Open sourabharsh opened 9 months ago
FYI @ylacombe
Hey @sourabharsh, I'd be happy to help you understand how to do that. Have you checked the difference between the input history_prompt
that you get with the processor and the output history_prompt
that you get with your code ?
Feature request
Hi, I have noticed that the original implementation of Bark (https://github.com/suno-ai/bark) has added a feature where one can get the history_prompt for the audio being currently generated using the parameter output_full. history_prompt, out_arr = generate_audio(text_prompt, output_full=True) where history_prompt is a dict object with semantic_prompt, coarse_prompt, and fine_prompt as its keys.
But the generate method of the huggingface version of Bark (BarkModel) doesn't support this parameter. I tried to modify the code by creating a dict of these under the generate method but the prompts in the output prompt don't meet the criteria of a valid history_prompt to be used next time because of the mismatch in ndarray.
Even the ndarray shape is also different for semantic, coarse, and fine prompts are different in the original implementation and the HuggingFace implementation.
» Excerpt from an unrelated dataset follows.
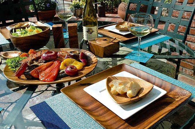 - Durable, resinous acacia hardwood with rich color and prominent grain

Can you please help me in fixing it?
Motivation
I want to generate a continous long-form audio for an audiobook for a better experience. I believe this will help in helping the Suno/Bark decide the tone based on the last sentence which can not be achieved using it at a sentence level based on a single fixed history_prompt.
Your contribution
I need to go through and understand why there is a difference in the shape of different prompts. If that's achieved, I can contribute with a PR.